JERUSALEM Jan. 7 (Xinhua) -- Calls for a committee of inquiry mounted on Monday over the findings of a 294-page report by Israeli state comptroller revealing an apparent hornets nest of intrigues between senior defense ministry and army officials in 2010.
Rumors and leak-fueled speculation by former military officials and analysts flooded the local newspapers and airwaves over Sunday 's account of what has become known as the "Harpaz Affair."
The report portrays the nation's combined military headquarters in Tel Aviv as a scene of political backstabbing and mutual loathing between Defense Minister Ehud Barak and former Israel Defense Forces Chief of Staff Gabi Ashkenazi.
"The murky relations between these two men, who carry on their shoulders the security of the state, are enough to undermine the public's trust in the security establishment, its heads and their mission to stand together in situations of security tests," the report cautioned.
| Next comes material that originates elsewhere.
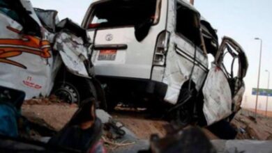 مصرع 14 شخصا وإصابة 2 فى حادث تصادم سيارة نقل وميكروباص على صحراوي المنيا

In response, Barak's office said the "severe report" required launching a criminal investigation and a state committee of inquiry.
"The report brings up a picture of seemingly criminal behavior by the army's bureau," Barak's office said in a statement sent to Xinhua overnight, and said Ashkenazi bucked his subordination to the political echelon by working to impugn the defense minister.
According to the report, Ashkenazi's senior aide, Col. Erez Weiner, and former military intelligence officer Boaz Harpaz led the defense forces' chief to think that Barak's bureau had drawn up a plan to politically discredit him.
Ashkenazi, the report said, behaved in a "manner unbecoming an officer," in turning a blind eye to Weiner and Harpaz' attempts to surreptitiously collect information that could potentially embarrass Barak.
As well, the two collected damning details on the sexual dalliances of a particular army general, as part of the behind-the- scene scheming, Channel Two television reported Sunday night, based on police transcripts of tapped telephone conversations between Weiner and Harpaz.
Barak said that Weiner, Harpaz and others were, "according to their testimonies, the 'soldiers' of former army chief Gabi Ashkenazi throughout the affair, and he's the one who stood at the top of the pyramid. The report's findings concerning the defense minister [in comparison], can be deemed as etiquette."
Ashkenazi, in a parallel statement, said he welcomed the fact that the state comptroller rejected Barak's accusations, which including assertions that the former attempted a "putsch" against the political echelon.
As well, Ashkenazi said he regretted the criticism against his former top aide, whom he contended greatly contributed to state security, despite being forced to deal with "the harsh reality" of rocky relations with Barak's office.
The report's main criticism of Barak said he overly leveraged his authority over Ashkenazi by imposing an eight-month delay in the appointments of 170 colonels and brigadier-generals who were due for promotion, and approval of certain general staff orders.
The comptroller's report said that in so doing, Barak had " unnecessarily and significantly damaged" the army's "sound" work procedures operations and those officers slated for appointments at the time.
The deferrals continued until Ashkenazi stepped down in February 2011.
Current defense forces Chief of Staff, Lt.-Gen. Benny Gantz discussed the matter with senior officers in a regularly scheduled meeting of the army's high command on Monday, according to Army radio.